TBH I think I can put him at arms length. However he really upsets my siblings, and then they offload to me. It’s like a beautiful day with a rain cloud following us around pissing on just us.

Then they all need to be doing the same.
Arrange a family meeting and discuss calmly what you are all prepared to do/ put up with / compromise etc
Hopefully if you all behave in the same way towards him he may soon discover that he can no longer treat you so appallingly.
I think that if he were my father i would have given him a pretty clear idea of how i feel about his unforgivable behaviour .
You owe him nothing and i certainly would not be having him for Christmas this year , sod that.
I hope that you can sort things out , you deserve better than this and don't for one minute feel any guilt , it appears he doesn't !

OneKhakiTurtle · 29/05/2026 14:30

Say “no that doesn’t work for me” every time something doesn’t suit. In fact if you are not sure still say it. Then end the conversation and do not hang on for the criticism that is guaranteed to follow.

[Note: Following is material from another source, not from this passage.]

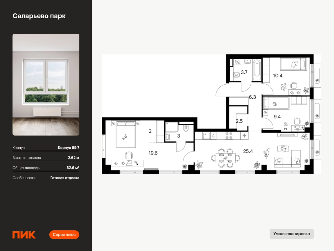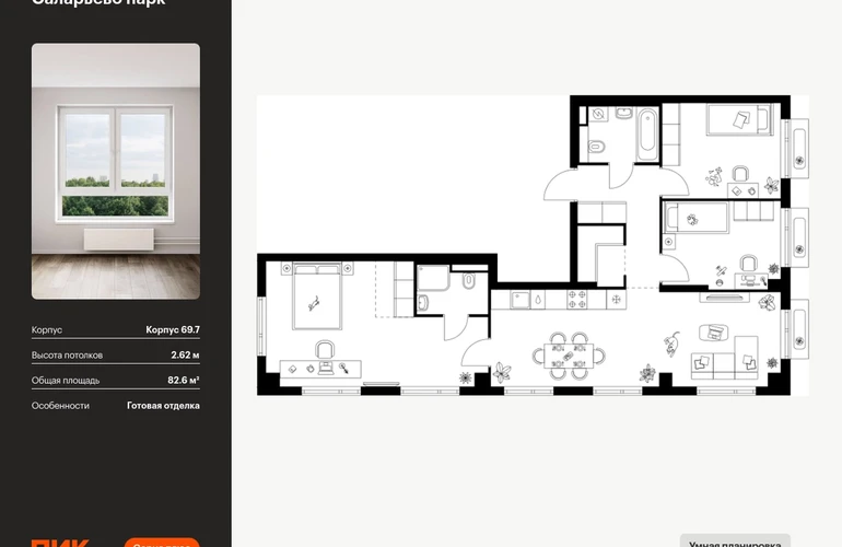 Продаётся 3-комн.квартира площадью 82.60 кв.м на 4 этаже 14 этажного дома (Корпус 69.7, секция 7) проекта ПИК Саларьево парк. Светлый просторный подъезд на уровне земли, функциональная планировка, большие окна, с отделкой. Жилой район «Саларьево парк» расположен в Новой Москве, в четырёх километрах от МКАД по Киевскому шоссе. Две станции метро: «Саларьево» и «Филатов луг», — находятся в пешей доступности от проекта. Дойти до них можно за 5–10 минут. В квартале уже создана качественная среда, где есть абсолютно всё для полноценной жизни, работы и отдыха. «Саларьево парк» — не просто квартал, а полноценный жилой район, который отличается разноплановой архитектурой. Над концепцией квартала работали несколько ведущих архитектурных бюро, которые стремились добиться разнообразия в фасадных решениях. Ярким примером такого подхода станут корпуса 82 и 83, которые относятся к «Серии плюс». Новый корпус 83 был создан по принципам южной архитектуры: расслабленный и лаконичный силуэт зданий, привлекающий к себе внимание. Архитектурная изюминка 83-го корпуса — террасы и фигурные балконы. Вместе с окнами и другими акцентными элементами они создают уникальный облик здания, отсылая нас к изысканной южной архитектуре. Все корпуса в квартале гармонично сочетаются, образуя единую городскую среду. Здесь приятно гулять и проводить время на улице всей семьёй. В «Саларьево парке» создана уникальная образовательная среда, включающая в себя шесть школ, рассчитанных на 6 250 учеников. Четыре из них уже открыты, их посещает 2 300 детей. Также на территории «Саларьево парка» находится 12 детских садов, один из которых с бассейном. Сейчас уже открыты 8 садов. В «Саларьево парке» открыта уникальная игровая площадка — PlayHub «Оригами». Здесь есть ручей, горка-труба и рельефные холмы. Взрослые смогут отдохнуть в уютном кафе, пока дети играют. Также на территории проекта есть SportHub — большая спортивная зона, разделённая по интересам и возрастам. Здесь можно заниматься разными видами спорта: футболом, баскетболом, волейболом и стритболом. Зимой центральную часть площадки превращают в каток. Во дворах-парках жилого квартала есть места для отдыха, детские и спортивные площадки. На первых этажах домов расположены магазины, кафе и полезные сервисы. Также вблизи проекта есть несколько масштабных торговых центров. До ТЦ «Саларис» пять минут пешком, до «Рио», Metro Cash & Carry и «Леруа Мерлен» — пять минут на автомобиле. Артикул - 1024122О застройщике
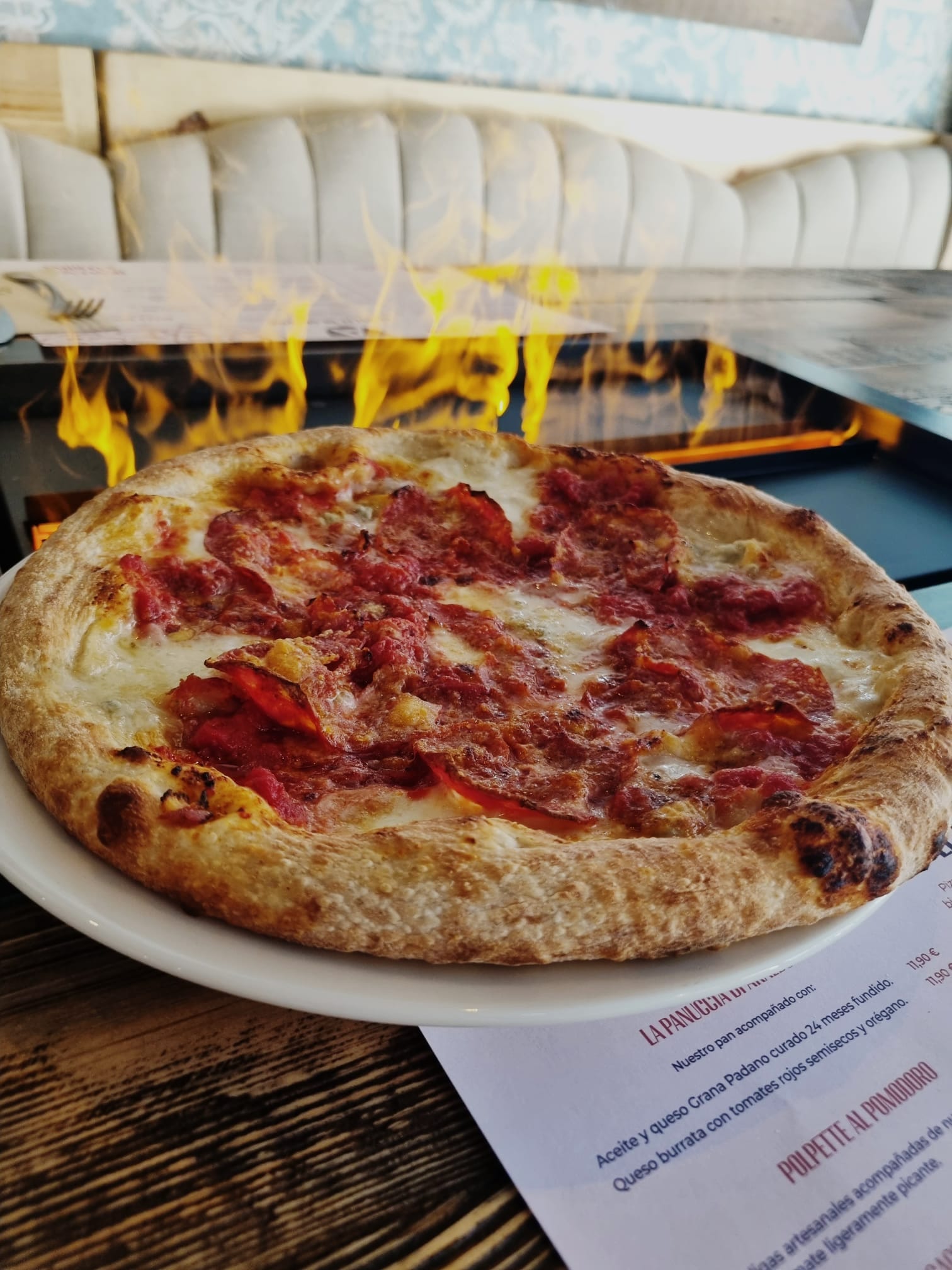 Con salsa de tomate normal o de tomate confitado San Marzano con queso Monte Veronese o mozzarella fiordilatte, un sinfín de toppings con denominación de origen, con aceite de oliva virgen extra (también en la masa)… Están todas buenísimas. ¿Nuestra recomendación? La sabrosa: salsa de tomate, queso mozzarella fiordilatte, panceta, salami picante y queso gorgonzola.

Say the same to the female members of the family he will absolutely inevitably rope in to try to persuade you to fulfil the role he is assigning to you.

It is so utterly freeing when we don’t take on the roles other people assign us and instead pick and choose the roles we want to do.

DaddiIssues · 29/05/2026 14:31

He’s also quite deluded and vain.

He’s late 80’s and every time I speak to him he tells me that the nurse/ doctor/ shop assistant/ anyone who’ll listen, say to him “you are 87? There’s no way you are that age. I thought you were about 60. You look so young”.

He chases women half his age. He has been telling me about this 50 year old shop assistant who is really worried about him, took his no., calls to see if he’s ok, and took him for a drink. Then I heard that she has a really sick child. WTF is he going distracting her attention away from her own issues. I can’t even imagine the lines he’s fed her. I bet he tho is he’s hot a chance.

I don’t know why I’m still there. Someone once told me it’s better to have a crap parent than a dead one. Maybe that’s why.

I feel the obligation in FOG, but not the fear or guilt. I think morally I’ll help out a bit. I just wish he was nice to be around. A few months ago my friend brought her dad for Sunday lunch. He walked in, gave me a hug and a kiss on the cheek, then spent the whole afternoon having a nice time, smiling and laughing. Upon leaving said he’d had a lovely time. Why can’t I have that?